Inmates in the Elkton, Ohio, federal prison strip down old computers, salvaging valuable bits of gold and platinum, Fortune magazine reports. Prisoners clad in protective suits hammer at monitor screens and cathode tubes, the smashed glass destined for sale to reprocessors. Computer recycling is difficult, labor-intensive work; Elkton gets business from government agencies and schools because it can compete with Third World wages. Other state and federal prisons have gone into business, making products for companies like Home Depot and Lowe’s.
Cash-strapped state governments are struggling to cover the annual cost of incarceration, which has swelled to $40 billion, and to find enough work to keep prisoners occupied. Led by Edwin Meese, former U.S. Attorney General now at the Heritage Foundation, and Morgan Reynolds, one of the first President Bush’s economic advisors, conservataives have lobbied for real prison employment by the private sector–not just make-work projects like stamping license plates or building courthouse furniture. Businesses get cheap, reliable workers; inmates receive valuable job training and earn more than they would in traditional prison jobs; and the government offsets the cost of incarceration and keeps jobs and tax dollars in the U.S.
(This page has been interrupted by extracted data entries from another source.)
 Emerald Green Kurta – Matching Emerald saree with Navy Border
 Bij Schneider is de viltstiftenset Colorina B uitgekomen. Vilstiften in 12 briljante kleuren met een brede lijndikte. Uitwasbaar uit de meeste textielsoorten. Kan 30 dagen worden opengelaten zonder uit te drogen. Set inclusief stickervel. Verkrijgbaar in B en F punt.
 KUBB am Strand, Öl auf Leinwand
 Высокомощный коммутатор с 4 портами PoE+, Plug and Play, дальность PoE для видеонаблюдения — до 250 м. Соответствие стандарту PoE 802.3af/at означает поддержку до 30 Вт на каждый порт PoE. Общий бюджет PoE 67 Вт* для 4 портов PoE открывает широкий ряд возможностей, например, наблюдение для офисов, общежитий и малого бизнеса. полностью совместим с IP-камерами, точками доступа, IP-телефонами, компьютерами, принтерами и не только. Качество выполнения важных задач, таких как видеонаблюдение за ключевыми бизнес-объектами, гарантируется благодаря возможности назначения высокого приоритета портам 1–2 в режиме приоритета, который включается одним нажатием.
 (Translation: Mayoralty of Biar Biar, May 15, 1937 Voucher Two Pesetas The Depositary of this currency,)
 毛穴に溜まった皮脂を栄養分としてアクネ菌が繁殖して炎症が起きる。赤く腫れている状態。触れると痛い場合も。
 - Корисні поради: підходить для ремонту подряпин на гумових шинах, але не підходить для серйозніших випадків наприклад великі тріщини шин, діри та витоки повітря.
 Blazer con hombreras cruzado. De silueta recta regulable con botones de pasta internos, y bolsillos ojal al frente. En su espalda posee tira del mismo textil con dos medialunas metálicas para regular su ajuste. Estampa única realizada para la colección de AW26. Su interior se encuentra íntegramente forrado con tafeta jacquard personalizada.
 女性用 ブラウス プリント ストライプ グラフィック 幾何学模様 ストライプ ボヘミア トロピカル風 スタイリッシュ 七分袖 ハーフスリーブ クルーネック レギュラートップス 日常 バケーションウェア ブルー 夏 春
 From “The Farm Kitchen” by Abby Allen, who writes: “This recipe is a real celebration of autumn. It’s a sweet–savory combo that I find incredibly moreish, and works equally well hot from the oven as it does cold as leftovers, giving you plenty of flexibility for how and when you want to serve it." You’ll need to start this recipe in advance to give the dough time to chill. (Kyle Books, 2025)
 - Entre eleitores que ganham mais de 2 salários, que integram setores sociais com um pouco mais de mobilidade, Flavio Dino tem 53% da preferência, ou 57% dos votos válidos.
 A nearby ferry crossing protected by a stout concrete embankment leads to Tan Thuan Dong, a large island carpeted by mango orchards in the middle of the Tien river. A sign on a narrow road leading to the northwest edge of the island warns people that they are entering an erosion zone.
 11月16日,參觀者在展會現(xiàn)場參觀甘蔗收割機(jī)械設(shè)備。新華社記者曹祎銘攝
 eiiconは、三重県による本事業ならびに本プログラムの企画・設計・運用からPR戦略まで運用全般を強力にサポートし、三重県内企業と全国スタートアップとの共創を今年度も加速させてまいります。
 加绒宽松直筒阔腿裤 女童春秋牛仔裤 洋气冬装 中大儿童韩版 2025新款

The number of inmates employed by the private sector is still small: 10,000 working for about 250 companies. But that is up significantly from a mere handful ten years ago. Meese estimates that companies could easily employ ten to 20 times as many inmate workers.
While some companies have embraced prison labor, others are reluctant. Dell canceled a contract with Federal Prison Industries after an environmental group’s charge that the prison operation was a “poor example of worker health and safety.”